Murders almost doubled in Milwaukee (near Kenosha, site of the BLM riots over Jacob Blake), Louisville (BLM’s Breonna Taylor unrest), and Seattle (Antifa’s Capitol Hill Autonomous Zone). Minneapolis, home of the late George Floyd, had the fifth worst increase with 69 percent more victims.

The Top 50 city with likely the lowest murder rate is also the one with the nicest weather, San Diego.

Life isn’t fair.

I also dug up year-end murder tabulations for another 58 cities ranking between 51st and 200th most populous. They experienced a total increase of 36.4 percent over 2019. Here are some examples of smaller cities:

Of all 104 cities, St. Louis had the worst murder rate in the country, with Jackson, Miss., second.

In St. Louis, 0.084 percent of the population was murdered in 2020. At that rate, if you tried to live out your three score and ten years in St. Louis, you’d have more than a 5 percent chance of being slain by your fellow man.

Across the 104 cities, which accounted for 45 percent of the nation’s murders in 2019, felonious deaths were up 37.9 percent this year.

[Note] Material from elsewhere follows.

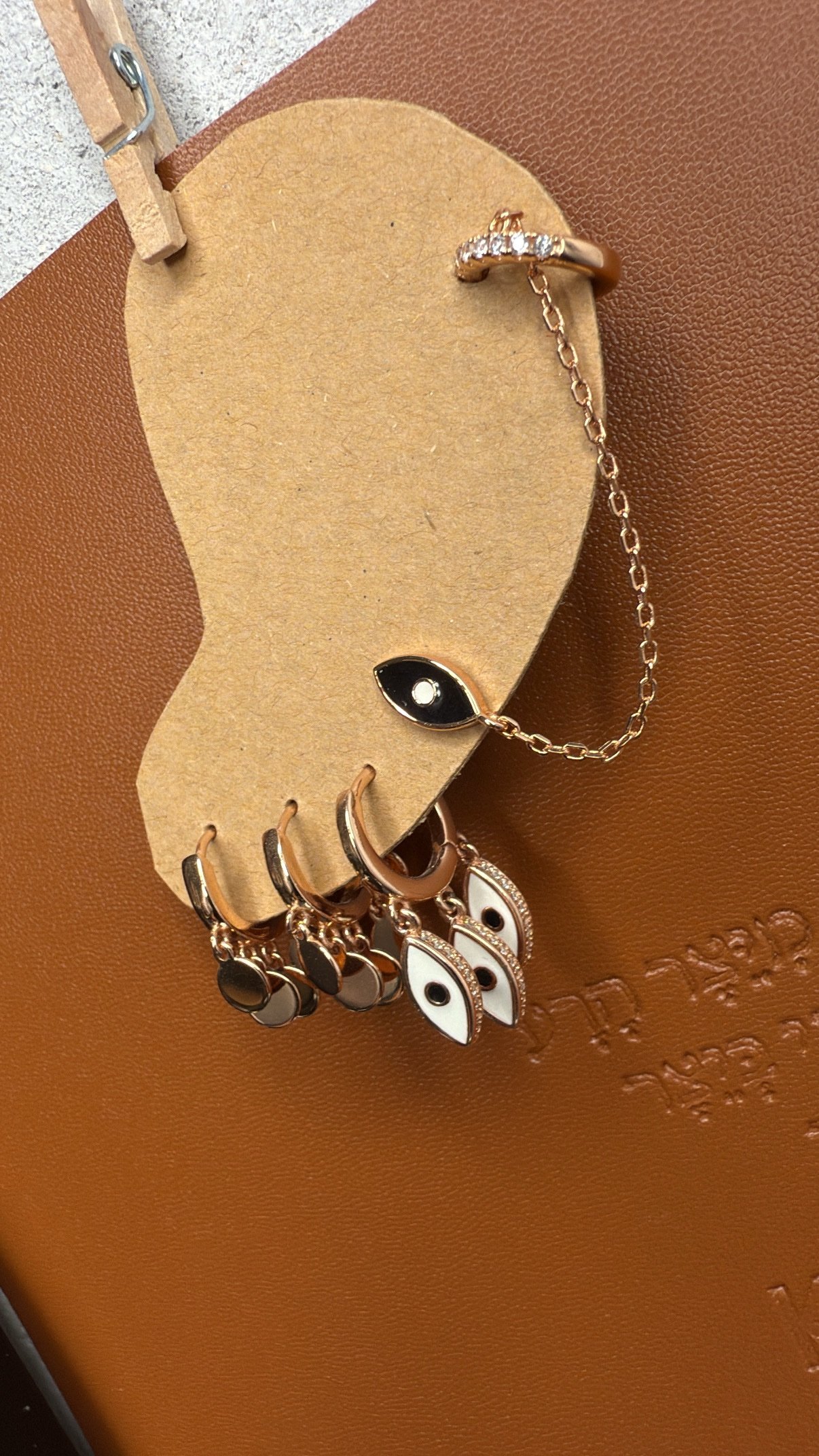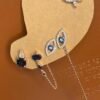 עגיל עין עם שרשרת הליקס, עגיל חישוק עיניים לבנות, זוג עגילי חישוק מטבעות. סהכ 4 עגילים.

There’s likely a certain amount of upward selection bias in my sample, especially of the 51st to 200th biggest cities. Crime going up is news, while crime staying the same or even dropping is boring.

For example, the biggest city for which I couldn’t find a late-year murder count article is El Paso, which has been famously peaceful for most of my life. I can recall a 1971 Time article attributing El Paso’s low murder rate to the high degree of lithium in its well water. El Paso will no doubt wind up with a smaller number of murders in 2020 than in 2019 when a white anti-Mexican terrorist killed 23 at a Walmart.

(In contrast, Ciudad Juarez across the Rio Grande had 1,646 murders. And Tijuana, across the border from idyllic San Diego, had 2,000 murders. In Canada, in which 3.5 percent of the population identified themselves as black in the 2016 census, murders are likely to have been 3 to 5 percent higher in 2020 than in 2019.)

“America’s culturally influential have a lot of blood on their hands.”

On the other hand, lots of reporters write up their year-end homicide articles either when the city breaks its all-time record earlier in the fall or a few days before New Year’s. So, for quite a few towns I’m missing the New Year’s Eve festivities. Overall, I’d estimate I’m lacking about 2 percent of 2020 from these 104 cities.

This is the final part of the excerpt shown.